BRASÍLIA, DF (FOLHAPRESS) – O dólar está em alta nesta quarta-feira (24) à medida que o mercado volta a ter os juros dos Estados Unidos como foco norteador das negociações.

Jerome Powell, presidente do Fed (Federal Reserve, o banco central norte-americano), fez declarações consideradas cautelosas na véspera sobre o ciclo de afrouxamento monetário, sinalizando que novos cortes não estão garantidos.

A recalibragem nas expectativas está levando à valorização do dólar globalmente, e o Brasil segue o movimento. Às 14h33, a moeda avançava 0,79%, a R$ 5,319, depois de ter cedido mais de 1% na terça-feira e alcançado R$ 5,277 -menor valor desde junho de 2024.

Já a Bolsa marcava queda de 0,18%, a 146.158 pontos, depois de ter renovado o recorde histórico pela sétima vez no mês no pregão anterior.

Contrariando as expectativas do mercado, Jerome Powell usou de seu discurso na terça-feira para impor cautela entre os agentes financeiros. Novos cortes de juros, disse ele, não estão garantidos.

Isso porque os diretores de política monetária do Fed estão em uma sinuca de bico: ou priorizam o combate à inflação, ou protegem empregos.

Se a taxa de juros for afrouxada “de forma muito agressiva”, corre-se o risco de “deixar o trabalho da inflação inacabado e precisar reverter o curso” novamente, a fim de levá-la à meta de 2%. Por outro lado, manter as taxas restritivas por muito tempo significaria que “o mercado de trabalho poderia enfraquecer desnecessariamente”.

“Os riscos de curto prazo para a inflação estão inclinados para cima e os riscos para o emprego para baixo -uma situação desafiadora”, disse Powell em Rhode Island. “Quando nossos objetivos estão em tensão como esta, nossa estrutura nos chama para equilibrar ambos os lados de nosso mandato duplo.”

O Fed cortou na quarta-feira passada (17) os juros americanos em 0,25 ponto, para a faixa de 4% a 4,25%, em meio a sinais de fraqueza no mercado de trabalho, inflação resiliente e dados modestos envolvendo o impacto das tarifas. Foi o primeiro corte no ano, em meio à briga do presidente dos Estados Unidos, Donald Trump, por uma política monetária menos restritiva.
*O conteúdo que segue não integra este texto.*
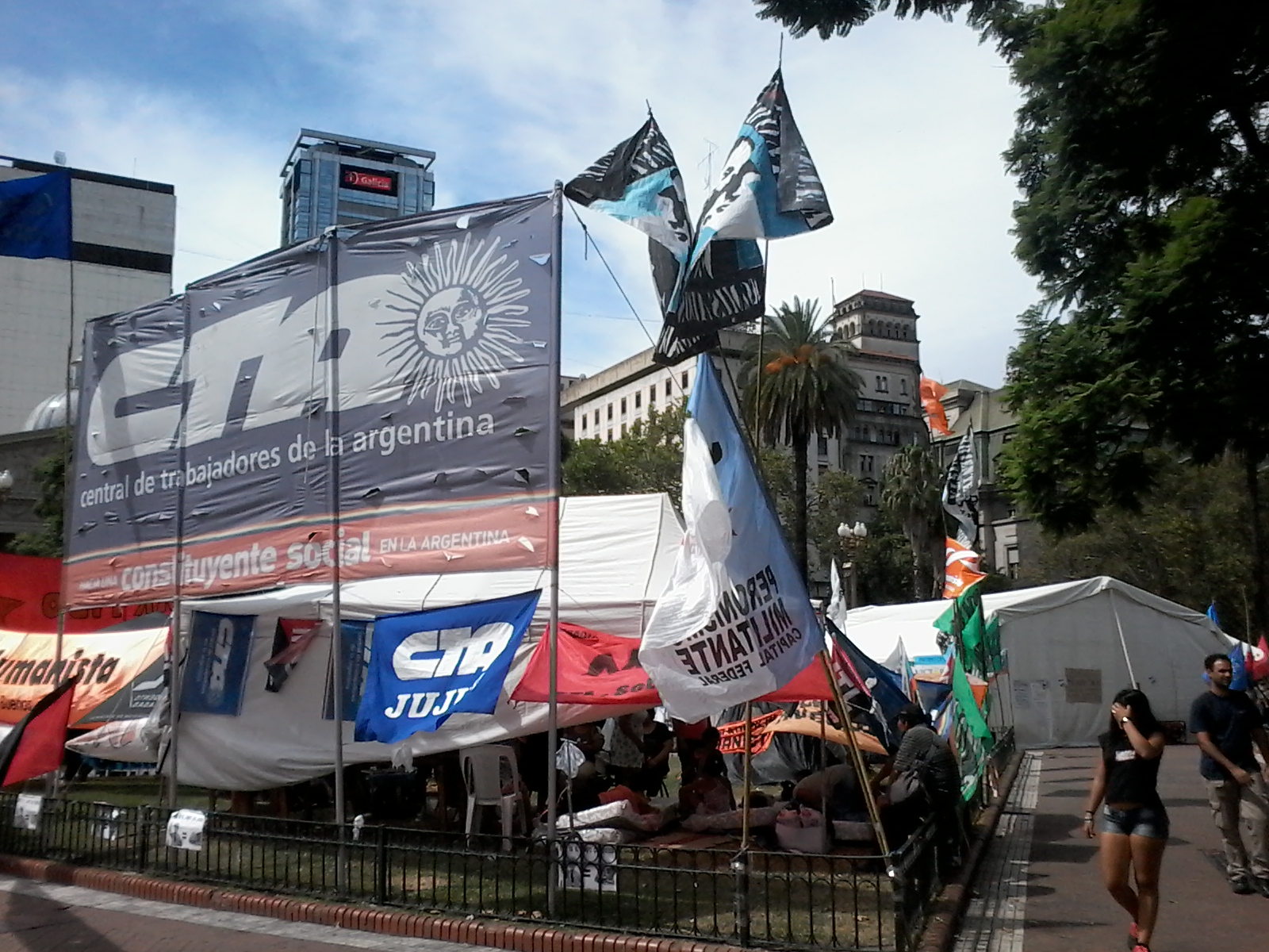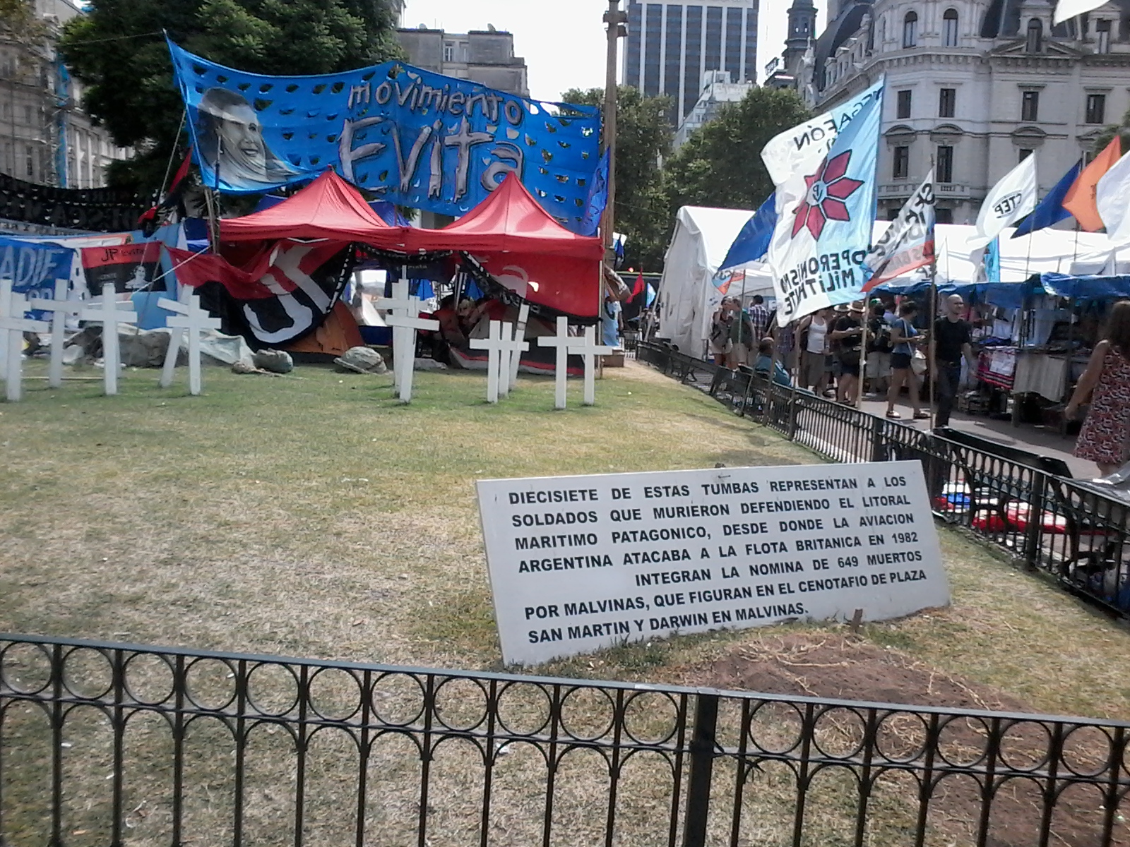 | 3 de febrero de 2016 Acampe por Milagro Salas, Acampe ex-combatientes Malvinas, Feria Artesanal, muchas carpas,2 gazebos, innumerables pancartas, Vista de la Casa Rosada, la cúpula de la torre del Cabildo y la Catedral de Buenos Aires ver INDEX o ver ARCHIVO |

O tom de cautela levou o mercado a recalcular a rota. “Está resultando em uma leve alta nos títulos do Tesouro americano, os ‘treasuries’, e isso tem favorecido o bom desempenho do dólar globalmente”, diz Leonel Mattos, analista de Inteligência de Mercado da StoneX.

O rendimento do treasury de dez anos -referência global para decisões de investimento- subia 0,5%, a 4,141%. O índice DXY, que compara o desempenho do dólar a uma cesta de moedas fortes, avançava 0,61%, a 97,82 pontos.
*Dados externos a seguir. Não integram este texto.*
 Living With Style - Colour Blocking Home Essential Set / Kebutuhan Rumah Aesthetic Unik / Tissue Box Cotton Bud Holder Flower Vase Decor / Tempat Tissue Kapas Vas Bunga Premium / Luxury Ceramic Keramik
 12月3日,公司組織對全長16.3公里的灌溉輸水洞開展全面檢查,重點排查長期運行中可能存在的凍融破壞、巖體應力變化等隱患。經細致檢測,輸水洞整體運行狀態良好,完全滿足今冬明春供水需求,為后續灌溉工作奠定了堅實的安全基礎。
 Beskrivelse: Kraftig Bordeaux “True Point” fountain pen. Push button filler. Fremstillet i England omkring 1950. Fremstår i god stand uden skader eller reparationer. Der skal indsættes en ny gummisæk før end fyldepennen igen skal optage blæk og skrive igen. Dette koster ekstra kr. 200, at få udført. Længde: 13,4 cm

Ainda que tenha acontecido na véspera, o discurso de Powell segue ditando os mercados globais pela “falta de fatos ou indicadores novos que possam orientar as negociações”, diz Mattos. “Com isso, temos uma extensão dos movimentos de ontem.”

No Brasil, especificamente, a política monetária dos Estados Unidos foi um tema lateral na sessão de terça-feira. O foco esteve voltado aos discursos dos presidentes Luiz Inácio Lula da Silva (PT) e Donald Trump na Assembleia Geral da ONU (Organização das Nações Unidas) e, principalmente, ao aceno ao diálogo por parte do republicano ao brasileiro.

Foi a primeira vez que ambos os líderes ficaram no mesmo ambiente desde que Trump aplicou sanções ao Brasil, em maio, e, antes de deixar o púlpito, o americano afirmou que irá se encontrar com Lula na próxima semana.

Trump afirmou que houve “excelente química” entre os dois durante o breve encontro na sede das Nações Unidas. “Eu só faço negócios com pessoas que eu gosto. E eu gostei dele, e ele de mim. Por pelo menos 30 segundos nós tivemos uma química excelente, isso é um bom sinal”, disse, após o discurso de Lula.

A possibilidade de um encontro -e, principalmente, de uma desescalada de tensões comerciais, políticas e diplomáticas- deu fôlego para as cotações, levando o dólar à mínima em mais de um ano e a Bolsa a um novo recorde de fechamento e outro durante o período de negociações, de 147.178 pontos.

“Abre-se caminho para o que não tinha acontecido até agora: Trump sentando à mesa para conversar com o Brasil. Pode ter uma flexibilidade nas tarifas de 50%, aumento da lista de isenção… Ele disse pouco, mas é uma sinalização muito valiosa”, diz Daniel Teles, especialista e sócio da Valor Investimentos.

O encontro aconteceu um dia após o governo Trump ampliar as sanções a autoridades brasileiras e ao entorno do ministro Alexandre de Moraes, do STF (Supremo Tribunal Federal), em reação à condenação de Jair Bolsonaro (PL) a 27 anos de prisão.

Ao citar o julgamento do ex-presidente no discurso, Lula defendeu a legitimidade do processo. “Bolsonaro teve amplo direito de defesa. Diante dos olhos do mundo, o Brasil deu um recado a todos os candidatos a autocratas e àqueles que os apoiam”, disse, em alfinetada a Trump. Ele voltou a dizer que “nossa democracia e soberania são inegociáveis”.

Para José Áureo Viana, sócio da Blue3 Investimentos, o “discurso de Lula reafirmando a defesa da democracia e críticas a sanções unilaterais foi lido como esperado”.

“Na prática, a combinação das falas [dos dois presidentes] ajudou a criar um ambiente de alívio, reforçando a percepção de estabilidade institucional no curto prazo.”